Copying the data output from the omxh264dec will result in high CPU consumption

I use Nvidia GPU for hardware decoding on TK1, and then i found that copying the data output from the omxh264dec will result in high CPU consumption(overall CPU consumption about 55%) and if display directly, the CPU consumption is low(overall CPU consumption about 10%), so my question is that how to copy the data output from the omxh264dec without incleasing CPU consumption?

Gstreamer pipeline as below:
1.copy the data output from the omxh264dec
gst-launch-1.0 -v rtspsrc user-id=admin user-pw=ms1234 location=rtsp://192.168.200.122/main ! rtph264depay ! h264parse ! omxh264dec ! nvvidconv ! ‘video/x-raw, format=(string)I420’ ! filesink location=./test.yuv

  1. display directly the data output from the omxh264dec
    gst-launch-1.0 -v rtspsrc user-id=admin user-pw=ms1234 location=rtsp://192.168.200.122/main ! rtph264depay ! h264parse ! omxh264dec ! nvhdmioverlaysink -e

Thanks a lot!

Hi Kevin,
The output buffertype of omxh264dec is in video/x-raw(memory:NVMM). It requires memcpy() to make it become video/x-raw.

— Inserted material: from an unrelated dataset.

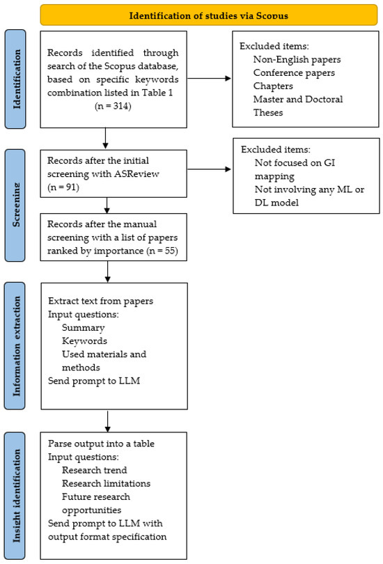 Finally, some novel parts that were used in this report should be highlighted (Figure 2). Screening time was considerably shortened using the ASReview software developed by van der Schoot et al. [36]. This open-source ML tool enables the screening and systematic labeling of a large collection of textual data. Systematic reviews are usually time- and resource-intensive, requiring a median of five researchers and 41 weeks to submit to a journal [100]. Nowadays, state-of-the-art strategies are being developed to automate systematic literature reviews [101]. After paper identification and screening of the articles, an LLM (i.e., OpenAI’s GPT-4 model) was used to extract information and identify findings. As mentioned by Ito et al. [32], when using an LLM one needs to pay special attention to hallucinations (i.e., generation of non-factual information), and they suggest an extensive examination of the method used for the automation of a systematic review in order to make a rigorous validation of the accuracy and quality of the outputs. Therefore, we manually checked 10% of the total papers to confirm that the LLM model generated a reasonable output.

For rendering out, all buffers are in video/x-raw(memory:NVMM) and zero memcpy(). This is where the difference of CPU consumption comes form.

Hi Dane,
Thanks for your reply.

Will consume so much CPU((overall CPU consumption about 55%)) for making video/x-raw(memory:NVMM) become video/x-raw is normal? Because i am worried that i use the wrong way and there is a way that copying the data output from the omxh264dec consume low CPU consumption?

Thanks a lot!

Hi Kevin,
Here is the result profiled via /home/ubuntu/tegrastats on r21.5
Source: bourne_ultimatum_trailer.zip @ http://www.h264info.com/clips.html

Set CPU to performance mode

echo performance > /sys/devices/system/cpu/cpu0/cpufreq/scaling_governor

gst-launch-1.0 filesrc location=Bourne_trailer.mp4 ! qtdemux ! h264parse ! omxh264dec ! nvvidconv ! ‘video/x-raw, format=(string)I420’ ! filesink location=test.yuv
RAM 513/1892MB (lfb 9x4MB) cpu [98%,off,off,off]@2065 EMC 10%@924 AVP 0%@204 VDE 120 GR3D 0%@72 EDP limit 0
RAM 514/1892MB (lfb 9x4MB) cpu [94%,off,off,off]@2065 EMC 12%@924 AVP 0%@204 VDE 120 GR3D 0%@252 EDP limit 0
RAM 513/1892MB (lfb 9x4MB) cpu [95%,off,off,off]@2065 EMC 12%@924 AVP 0%@204 VDE 120 GR3D 0%@72 EDP limit 0

gst-launch-1.0 filesrc location=Bourne_Trailer.mp4 ! qtdemux ! h264parse ! omxh264dec ! nvhdmioverlaysink
RAM 498/1892MB (lfb 128x4MB) cpu [4%,off,off,off]@2065 EMC 9%@924 AVP 0%@204 VDE 120 GR3D 0%@72 EDP limit 0
RAM 498/1892MB (lfb 128x4MB) cpu [3%,off,off,off]@2065 EMC 9%@924 AVP 0%@204 VDE 276 GR3D 0%@72 EDP limit 0
RAM 498/1892MB (lfb 128x4MB) cpu [4%,off,off,off]@2065 EMC 9%@924 AVP 0%@204 VDE 444 GR3D 0%@72 EDP limit 0

Mostly dumping buffer out is for debugging. If you have a real usecase of dumping buffer to file, inevitably it suffers the high CPU consumption.

Hi Dane,
Thanks for your help.

Setting CPU to performance mode is very helpful, after doing this, the CPU consumption from 55% to 20%, so i think this is the root cause of high CPU consumption.

PS: In fact my purpose is not to save as file but callback HW decoding data

Hello DaneLLL!Sorry to bother you.I want to know if I set CPU to performance mode,is there any problem when I run my qt program on the TX1?